International Journal of Statistics and Applications

p-ISSN: 2168-5193    e-ISSN: 2168-5215

2024;  14(1): 7-12

doi:10.5923/j.statistics.20241401.02

Received: Feb. 20, 2024; Accepted: Mar. 5, 2024; Published: Mar. 22, 2024

 

Comparing Regular Random Forest Model with Weighted Random Forest Model for Classification Problem

Sanjib Ghosh

Assistant Professor, Department of Statistics, University of Chittagong, Chittagong, Bangladesh

Correspondence to: Sanjib Ghosh, Assistant Professor, Department of Statistics, University of Chittagong, Chittagong, Bangladesh.

Email:

Copyright © 2024 The Author(s). Published by Scientific & Academic Publishing.
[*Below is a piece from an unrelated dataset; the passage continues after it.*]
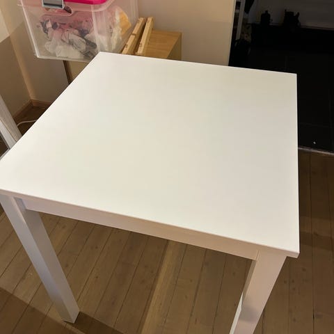 Myydään 160cm x 90cm valkoinen ruokailupöytä. Pieniä naarmuja pinnassa, muuten kuin uusi. Vain nouto. Saa tarjota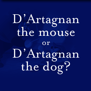 The first is American, but this representation of our hero as a mouse can only do him honor, as this mouse is none other than Mickey, the most popular, cunning and intelligent of Walt Disney's characters. At the same time, the televised dog version –Dogtanian– embodies loyalty, confidence, reason and an enterprising spirit. The cartoons have chosen as their animated version of d'Artagnan the animal mascot most likely to attract a young public. In the manga version, d'Artagnan remains a young man close to the illustrations found in books.

This work is licensed under the Creative Commons Attribution International License (CC BY).
http://creativecommons.org/licenses/by/4.0/

Abstract

Several studies have demonstrated that effectively combining machine learning models can improve the individual predictions made by the base models. Random forests allow for the selection of a random number of features while bagging increases diversity by sampling with replacement and generating multiple training data sets. As a result, random forest has become a strong contender for various machine learning applications. Assuming equal weights for each base decision tree, however, seems unreasonable because different base decision trees may have varying decision-making abilities due to randomization in sampling and input feature selection. As a result, we offer several methods to enhance the regular random forest's weighting approach and prediction quality. The developed weighting frameworks include multiple stacking-based weighted random forest models, optimal weighted random forest based on area under the curve (AUC), and ideal weighted random forest based on accuracy. The numerical result shows that the stacking-based random forest with binary prediction can introduce significant improvements compared to regular random forest.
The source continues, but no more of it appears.